Décommunautariser l’indignation

A l’heure où beaucoup proclament - souvent les mêmes - leur refus du "communautarisme", n’y a-t-il pas ici le risque de communautariser l’indignation ? S’il est question de respect de valeurs partagées, est-il sain de laisser aux associations noires (Conseil représentatif des associations noires, collectif Alliance noire citoyenne, etc.) le monopole de la consternation ? En somme, faut-il être noir pour s’offusquer des propos de Jean-Paul Guerlain ? Et les journalistes et personnalités "noirs" (Audrey Pulvar, Mokobé, Disiz) peuvent-ils être les seuls à crier au scandale ? Audrey Pulvar dénonçait à raison dans sa chronique sur France Inter, le lundi 18 octobre, l’absence de condamnation de la part de "grandes voix politiques, intellectuelles, artistiques".

Car le risque serait alors celui d’une "racialisation" de l’indignation, le mot "bougnoul" ne choquant plus que les Maghrébins, le mot "youpin" étant vécu comme une agression verbale par la seule communauté juive, etc. Chaque communauté serait condamnée à se défendre à partir de ses propres associations et de ses propres réseaux.

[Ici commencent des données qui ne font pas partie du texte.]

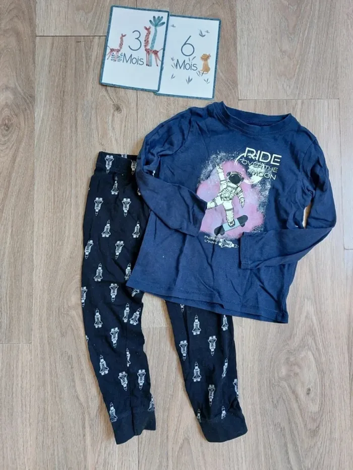 Taille 95-101 cm Motif fusée Haut bleu marine et bas noir Très bon état #mooneygarçon36mois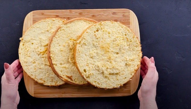 2. Gotowe ciasto przełóż do formy, wyłożonej papierem do pieczenia o średnicy 21 cm. (nie smaruj formy tłuszczem, bo biszkopt nie urośnie). Piecz w piekarniku, rozgrzanym do 180 stopni C, przez 35 minut. Do całkowitego wystygnięcia, nie wyjmuj biszkopta z piekarnika. Wystudzonego biszkopta, przekrój na 3 części.
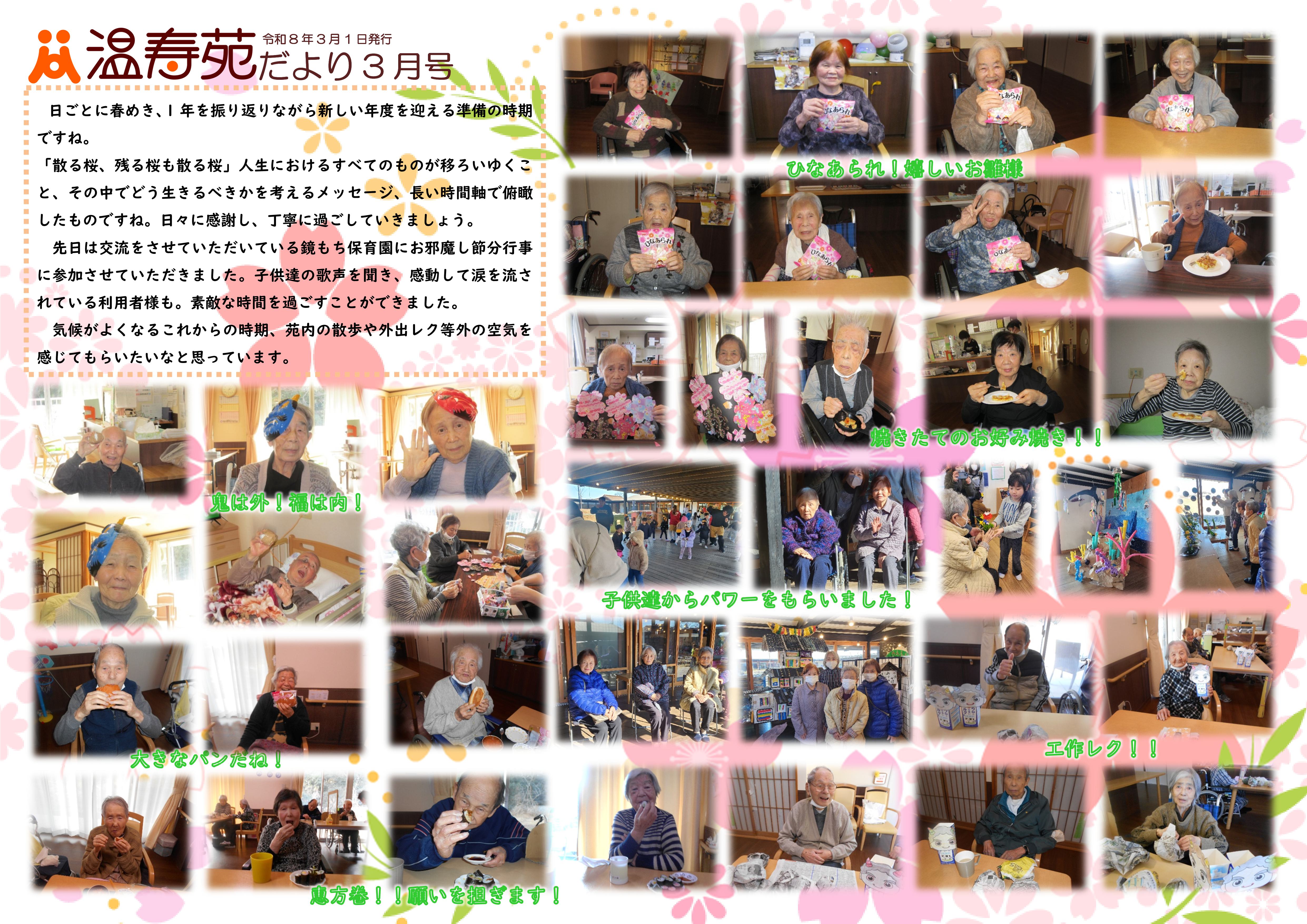温寿苑だより 令和7年3・4月号を掲載しました。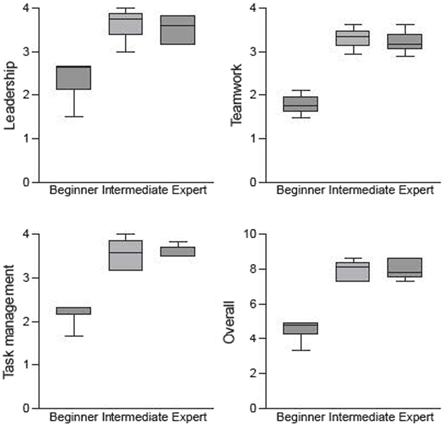 In all three TEAM domains, as well as in the overall performance, significant differences were found between the beginner, intermediate, and expert groups in terms of the performances scores (p < 0.001). The boxplots in Figure 6 illustrate the main differences between the beginners and the other two team categories (intermediates and experts). A comparison of the three TEAM domains for the two scenarios (urosepsis vs. myocardial infarction) showed no significant difference.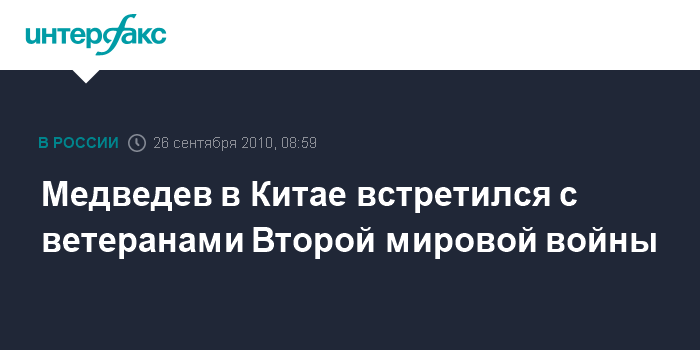 Далянь (Китай). 26 сентября. ИНТЕРФАКС - Президент РФ Дмитрий Медведев, побывавший на Российском воинском мемориальном кладбище в Люйшуне, также пообщался с российскими и китайскими ветеранами Второй Мировой войны.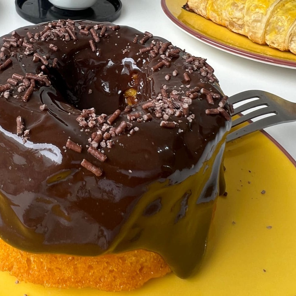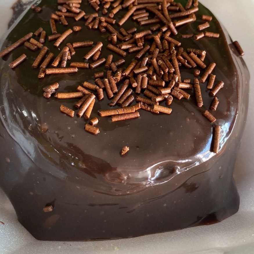 Delicioso bolo vulcao com aproximadamente 300 g, feito com bolo de cenoura, mega fofinho e recheado com nosso brigadeiro tradicional cremoso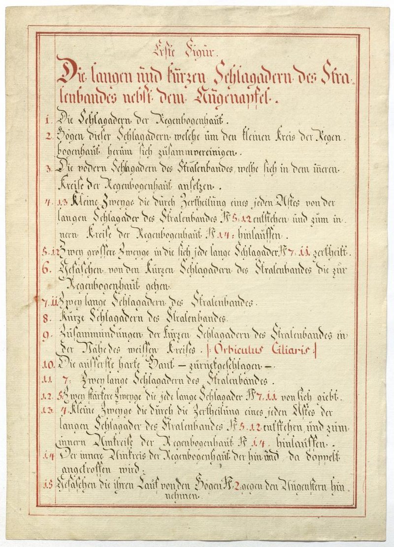Der Text ist die ergänzende Beschreibung in deutscher Sprache zum anatomischen Wachsmodell des Augapfels.
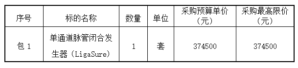 南华大学附属第二医院单通道脉管闭合发生器(LigaSure)采购项目招标公告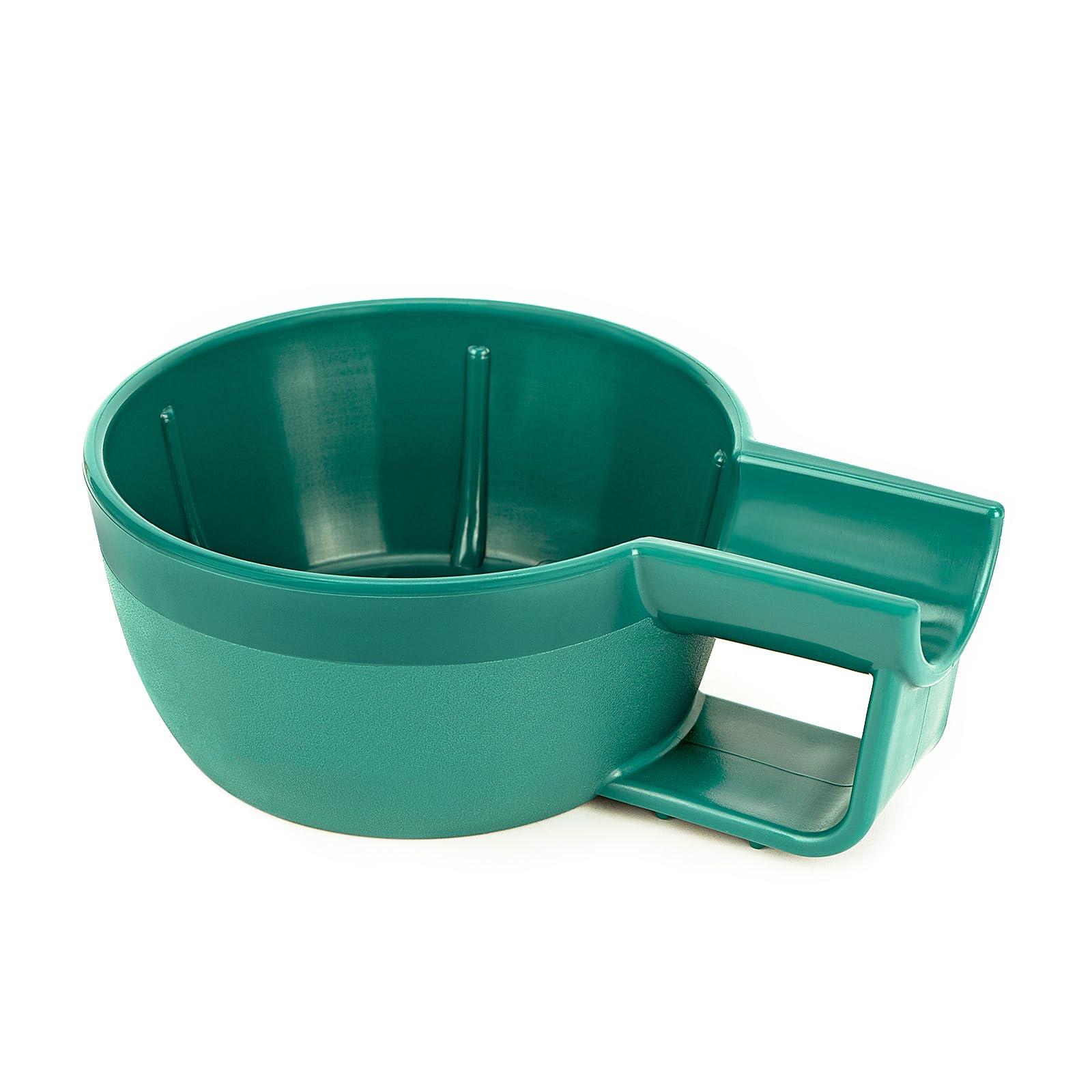 - Green plastic shaving soap bowl ideal for salon, home, personal and professional use.

A chacune son accès aux médias, à chacune sa capacité de pression sur les politiques, pour les faire sortir du silence...

Dans une société multiculturelle, l’"égalité" ne renvoie pas seulement à une notion socio-économique (la solidarité) ou juridique (un même accès aux droits). Elle touche également à l’équité dans le traitement des différences, notamment au niveau de la parole publique. Construire une société qui soit plus qu’une addition de solidarités communautaires exige donc de notre part la compréhension de l’autre.

Il faut alors sans doute rappeler que l’association du mot "nègre", né de l’exploitation coloniale et de l’accusation de fainéantise, est perçue comme inacceptable pour nos compatriotes dont les aïeux étaient soit esclaves, soit soumis au "travail forcé" ? Le 5 décembre 2001, un préfet, lors d’un conflit touchant l’ANPE de Guadeloupe, traitait les agents grévistes de "fainéants". Ces propos à l’encontre de salariés guadeloupéens avaient déjà été ressentis comme une marque de mépris raciste. Sans même que le mot "nègre" ait été utilisé.

Si Jean-Paul Guerlain a pu s’exprimer ainsi, c’est sans doute qu’il s’est imaginé une France à l’image de certains salons, une France monochrome ; c’est qu’il a oublié ces milliers de téléspectateurs des DOM ou d’origine africaine, parfois clients chez Guerlain, et ce jour-là, assis devant leur poste, avec leurs enfants... Et la colère pacifique de ces milliers de familles ne relève pas de l’autodéfense communautaire, mais bien du rappel que nous vivons ensemble, et que cela exige une attention de chaque instant portée les uns sur les autres.

S’il faut partager leur indignation, c’est donc en vertu du lien qui nous unit, né de la conviction que le respect de chacun ne dépend pas de sa capacité à se défendre soi-même, ou en s’appuyant sur les siens. Mais nous concerne tous.